A REVIEW OF THE LITHOFACIES AND DEPOSITIONAL ENVIRONMENTS OF THE MUDDY/NEWCASTLE SANDSTONE IN THE EASTERN POWDER RIVER BASIN OF WYOMING


RAUSCH LEMASTER, Julia C., Utah State University, Logan, UT 84322, nature0518@gmail.com

Hydrocarbon production from the Lower Cretaceous Muddy/Newcastle Sandstone in the Eastern Powder River Basin of Wyoming commenced in 1887. To date, vertical wells have produced several hundred million barrels of oil from Muddy/Newcastle stratigraphic traps. Multiple stacked sands within the Muddy/Newcastle were recognized by the 1940s, but there was much debate over the subsequent 20 years regarding the depositional environment of the individual sand units. Workers then recognized that continental deposits were possibly time equivalent to marine deposits further west in the basin.

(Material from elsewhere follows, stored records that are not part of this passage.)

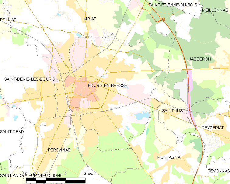 Map of French commune: Bourg-en-Bresse Map commune FR insee code 01053.png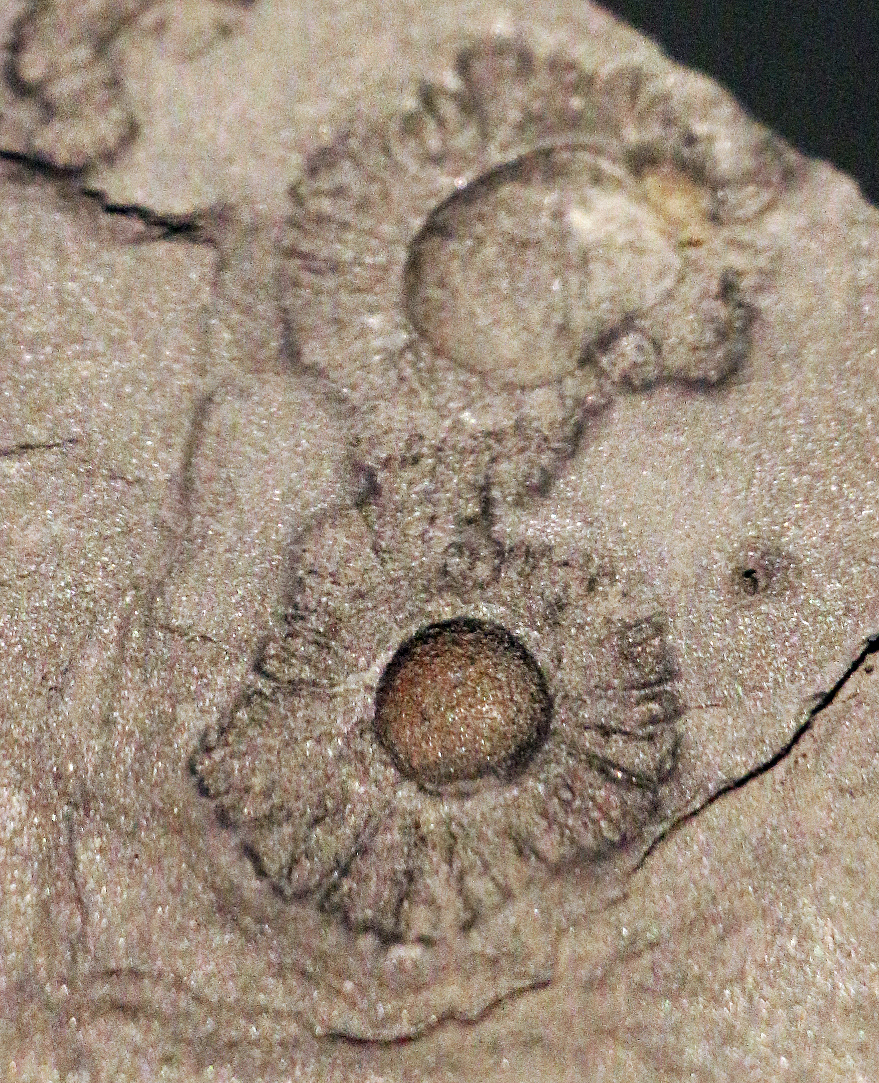 oldest multicellular life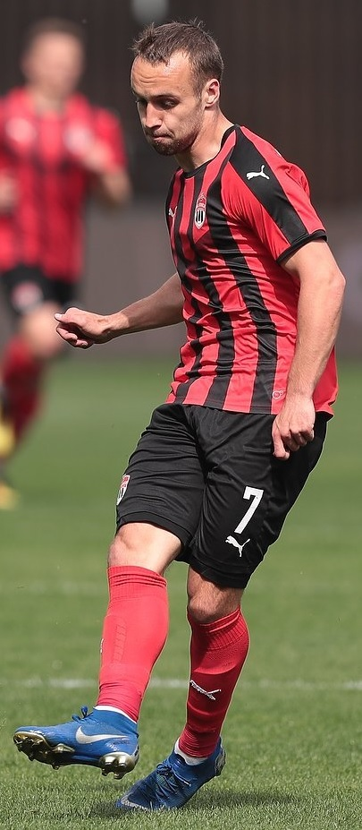 Mikhail Petrusyov with FC Khimki in a game against FC Luch Vladivostok.

It took a hundred years of drilling, combined with outcrop and core studies, to develop a robust lithofacies model. The Muddy/Newcastle is interpreted to consist of fluvial, deltaic, estuarine and shallow-marine deposits in the basin. Understanding of these different lithofacies and their depositional environments has important implications for field development, horizontal drilling and enhanced oil recovery projects.